*** Block opens ***

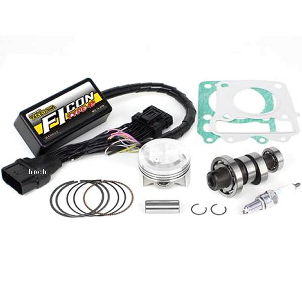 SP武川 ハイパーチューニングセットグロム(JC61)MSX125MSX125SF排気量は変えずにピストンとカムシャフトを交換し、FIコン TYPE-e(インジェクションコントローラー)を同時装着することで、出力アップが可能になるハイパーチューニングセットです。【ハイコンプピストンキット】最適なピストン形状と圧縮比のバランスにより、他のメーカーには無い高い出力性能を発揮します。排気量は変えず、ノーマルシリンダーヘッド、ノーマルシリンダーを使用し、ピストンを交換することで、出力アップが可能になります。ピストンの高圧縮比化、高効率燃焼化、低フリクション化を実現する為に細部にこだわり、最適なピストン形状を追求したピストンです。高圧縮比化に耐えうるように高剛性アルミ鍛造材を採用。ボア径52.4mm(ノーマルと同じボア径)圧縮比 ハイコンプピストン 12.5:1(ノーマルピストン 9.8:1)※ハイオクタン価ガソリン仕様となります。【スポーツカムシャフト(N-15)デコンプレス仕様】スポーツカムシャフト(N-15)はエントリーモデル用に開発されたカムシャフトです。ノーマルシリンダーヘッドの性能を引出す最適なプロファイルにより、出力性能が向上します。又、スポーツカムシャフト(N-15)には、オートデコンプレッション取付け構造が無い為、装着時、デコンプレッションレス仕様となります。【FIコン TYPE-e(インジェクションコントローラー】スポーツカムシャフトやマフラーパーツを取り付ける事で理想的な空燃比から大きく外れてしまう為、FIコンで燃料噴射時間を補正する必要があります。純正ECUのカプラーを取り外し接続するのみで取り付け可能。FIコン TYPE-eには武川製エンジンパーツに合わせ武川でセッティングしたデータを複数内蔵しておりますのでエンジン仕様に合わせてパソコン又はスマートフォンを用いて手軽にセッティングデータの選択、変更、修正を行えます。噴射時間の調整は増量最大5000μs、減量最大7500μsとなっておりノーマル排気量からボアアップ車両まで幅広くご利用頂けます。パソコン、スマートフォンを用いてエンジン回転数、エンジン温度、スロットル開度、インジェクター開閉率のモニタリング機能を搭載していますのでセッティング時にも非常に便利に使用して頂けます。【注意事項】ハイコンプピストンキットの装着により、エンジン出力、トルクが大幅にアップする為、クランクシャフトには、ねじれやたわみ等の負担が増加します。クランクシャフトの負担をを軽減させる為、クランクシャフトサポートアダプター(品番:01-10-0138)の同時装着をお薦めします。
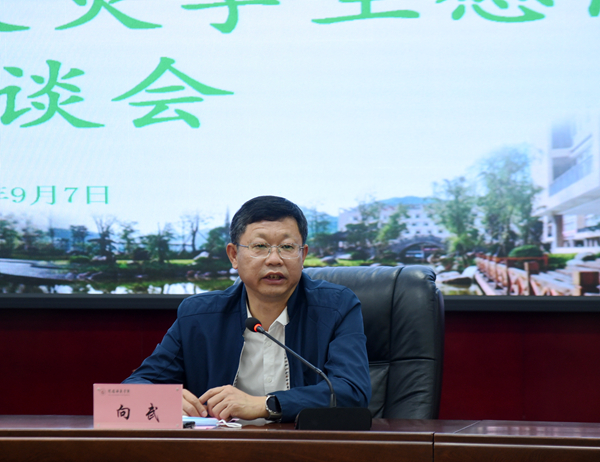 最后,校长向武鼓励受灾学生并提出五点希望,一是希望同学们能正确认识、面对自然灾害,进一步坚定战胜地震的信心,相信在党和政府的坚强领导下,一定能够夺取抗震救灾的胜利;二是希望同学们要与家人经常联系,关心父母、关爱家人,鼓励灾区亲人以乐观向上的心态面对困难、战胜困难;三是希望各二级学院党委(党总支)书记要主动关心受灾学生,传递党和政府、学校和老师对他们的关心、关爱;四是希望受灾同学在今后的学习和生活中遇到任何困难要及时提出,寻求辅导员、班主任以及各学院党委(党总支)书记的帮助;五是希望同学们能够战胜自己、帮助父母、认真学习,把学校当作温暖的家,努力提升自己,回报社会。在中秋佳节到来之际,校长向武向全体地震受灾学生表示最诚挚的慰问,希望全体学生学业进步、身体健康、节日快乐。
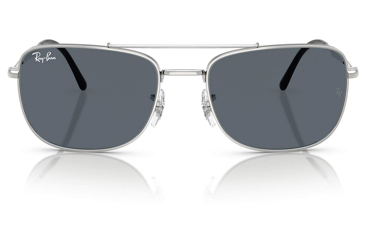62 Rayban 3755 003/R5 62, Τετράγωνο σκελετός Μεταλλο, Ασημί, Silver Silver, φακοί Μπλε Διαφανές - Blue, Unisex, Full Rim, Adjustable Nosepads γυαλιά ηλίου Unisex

*** Block closes ***

Exercise details ▸ Every word of the material above should be copied exactly; no pictures.

Exercise output ▸
 SP武川 ハイパーチューニングセットグロム(JC61)MSX125MSX125SF排気量は変えずにピストンとカムシャフトを交換し、FIコン TYPE-e(インジェクションコントローラー)を同時装着することで、出力アップが可能になるハイパーチューニングセットです。【ハイコンプピストンキット】最適なピストン形状と圧縮比のバランスにより、他のメーカーには無い高い出力性能を発揮します。排気量は変えず、ノーマルシリンダーヘッド、ノーマルシリンダーを使用し、ピストンを交換することで、出力アップが可能になります。ピストンの高圧縮比化、高効率燃焼化、低フリクション化を実現する為に細部にこだわり、最適なピストン形状を追求したピストンです。高圧縮比化に耐えうるように高剛性アルミ鍛造材を採用。ボア径52.4mm(ノーマルと同じボア径)圧縮比 ハイコンプピストン 12.5:1(ノーマルピストン 9.8:1)※ハイオクタン価ガソリン仕様となります。【スポーツカムシャフト(N-15)デコンプレス仕様】スポーツカムシャフト(N-15)はエントリーモデル用に開発されたカムシャフトです。ノーマルシリンダーヘッドの性能を引出す最適なプロファイルにより、出力性能が向上します。又、スポーツカムシャフト(N-15)には、オートデコンプレッション取付け構造が無い為、装着時、デコンプレッションレス仕様となります。【FIコン TYPE-e(インジェクションコントローラー】スポーツカムシャフトやマフラーパーツを取り付ける事で理想的な空燃比から大きく外れてしまう為、FIコンで燃料噴射時間を補正する必要があります。純正ECUのカプラーを取り外し接続するのみで取り付け可能。FIコン TYPE-eには武川製エンジンパーツに合わせ武川でセッティングしたデータを複数内蔵しておりますのでエンジン仕様に合わせてパソコン又はスマートフォンを用いて手軽にセッティングデータの選択、変更、修正を行えます。噴射時間の調整は増量最大5000μs、減量最大7500μsとなっておりノーマル排気量からボアアップ車両まで幅広くご利用頂けます。パソコン、スマートフォンを用いてエンジン回転数、エンジン温度、スロットル開度、インジェクター開閉率のモニタリング機能を搭載していますのでセッティング時にも非常に便利に使用して頂けます。【注意事項】ハイコンプピストンキットの装着により、エンジン出力、トルクが大幅にアップする為、クランクシャフトには、ねじれやたわみ等の負担が増加します。クランクシャフトの負担をを軽減させる為、クランクシャフトサポートアダプター(品番:01-10-0138)の同時装着をお薦めします。
 最后,校长向武鼓励受灾学生并提出五点希望,一是希望同学们能正确认识、面对自然灾害,进一步坚定战胜地震的信心,相信在党和政府的坚强领导下,一定能够夺取抗震救灾的胜利;二是希望同学们要与家人经常联系,关心父母、关爱家人,鼓励灾区亲人以乐观向上的心态面对困难、战胜困难;三是希望各二级学院党委(党总支)书记要主动关心受灾学生,传递党和政府、学校和老师对他们的关心、关爱;四是希望受灾同学在今后的学习和生活中遇到任何困难要及时提出,寻求辅导员、班主任以及各学院党委(党总支)书记的帮助;五是希望同学们能够战胜自己、帮助父母、认真学习,把学校当作温暖的家,努力提升自己,回报社会。在中秋佳节到来之际,校长向武向全体地震受灾学生表示最诚挚的慰问,希望全体学生学业进步、身体健康、节日快乐。
62 Rayban 3755 003/R5 62, Τετράγωνο σκελετός Μεταλλο, Ασημί, Silver Silver, φακοί Μπλε Διαφανές - Blue, Unisex, Full Rim, Adjustable Nosepads γυαλιά ηλίου Unisex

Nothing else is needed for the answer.